Wednesday, March 11, 2009

A Consortium to Put the Engineering Into Software

Factors for success

Creating a successful consortium will take a strong business leader with excellent marketing skills. Such a business leader will need to be recruited from the industry since industry knowledge is critical. Equally important is that the person have the impartiality to work through competitive issues between participants. Although the overhead for such an endeavor must be kept small, a sufficient, skilled staff is also required.

A second success factor will be to learn from the lessons of previous efforts. Consortia are regularly set up in today’s IT business -- many are short lived and accomplish little, others continue for years (e.g., MCC for the microelectronics industry) and achieve measures of success. The ISR Consortium, being a reuse based consortium, should excel at leveraging the knowledge gained from previous and existing consortia.
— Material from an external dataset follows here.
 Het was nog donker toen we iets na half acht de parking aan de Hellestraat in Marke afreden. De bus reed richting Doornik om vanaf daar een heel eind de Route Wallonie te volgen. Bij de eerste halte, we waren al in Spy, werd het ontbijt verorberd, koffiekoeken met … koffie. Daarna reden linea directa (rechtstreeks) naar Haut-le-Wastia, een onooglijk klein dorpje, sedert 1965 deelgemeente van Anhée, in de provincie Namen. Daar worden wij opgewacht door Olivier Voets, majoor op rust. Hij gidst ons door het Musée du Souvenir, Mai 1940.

Another key facet of success is to rapidly demonstrate success to stake holders, in this case the investing corporations and universities who are participating. This means that the selection must be carefully made of which architectures, models and standards to work on first. Currently some infrastructure domains and some industry and cross-industry domains are achieving some consensus on approaches through various standards organization activities. Potentially getting more emphasis by participants in driving best of breed work in some of these activities will be a quick return activity. However, it may be determined that those activities lack an overarching set of architectural principles and so will not provide a broad ability for integration and interoperability between domains over time. In this case architectural principles, defined and delivered to market in stages, might be an important initial project.
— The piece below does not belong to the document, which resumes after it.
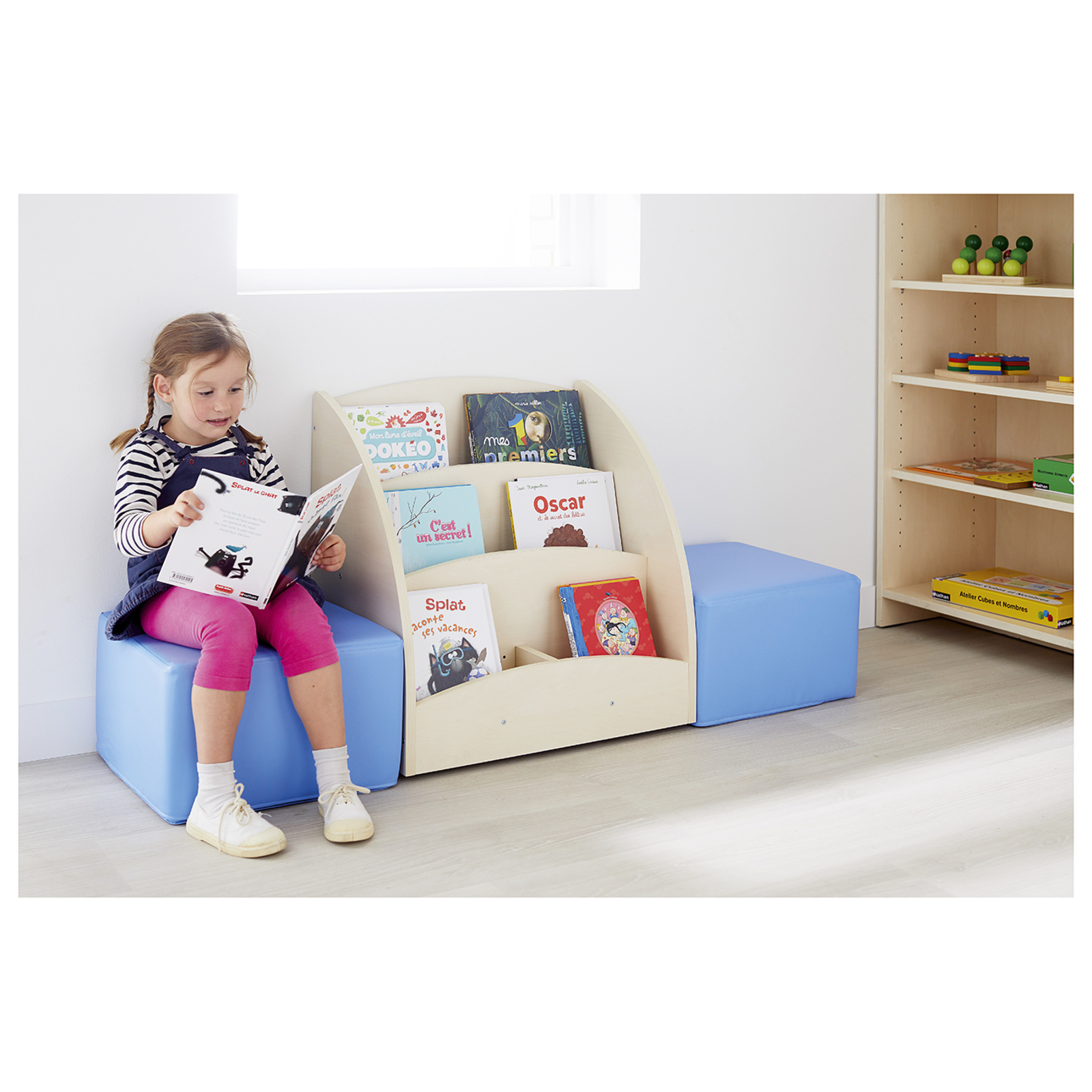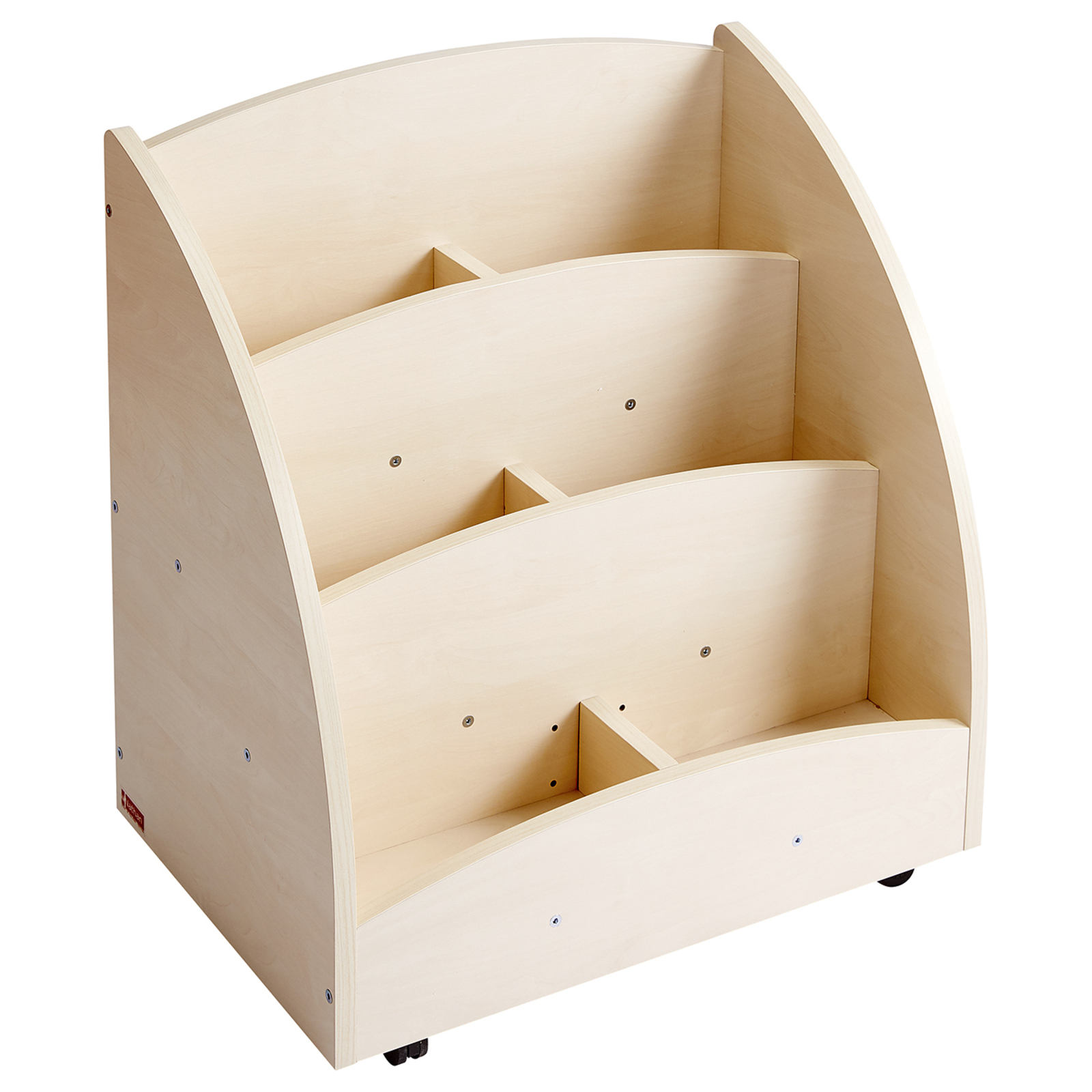 Ce bac à livres présentoir monté sur roulettes (teinte bouleau) comporte 6 compartiments pour présenter et stocker de petites sélections d'ouvrages." "" "Les porte-étiquettes repositionnables permettent d'identifier les livres et les cases sont réglables pour accueillir différents formats. En mélaminé bouleau. L/l/H : 60 x 40 x 62 cm. Livré à plat avec 1 notice de montage.

There will be a need to constantly monitor market and technology trends to identify changes and then decide whether continuing funding is appropriate for ongoing projects. In software reuse today, throwing away is as necessary as creating. Some market trends appear to be significant enough that investment in them provides reasonably low risk, e.g., extension of the Enterprise Resource Management (ERP) application domains into related areas such as customer service. In the ERP domain the market penetration of SAP and a few other vendors is so significant that defining architecture and model extensions is less difficult than in highly segmented markets without clear market leaders.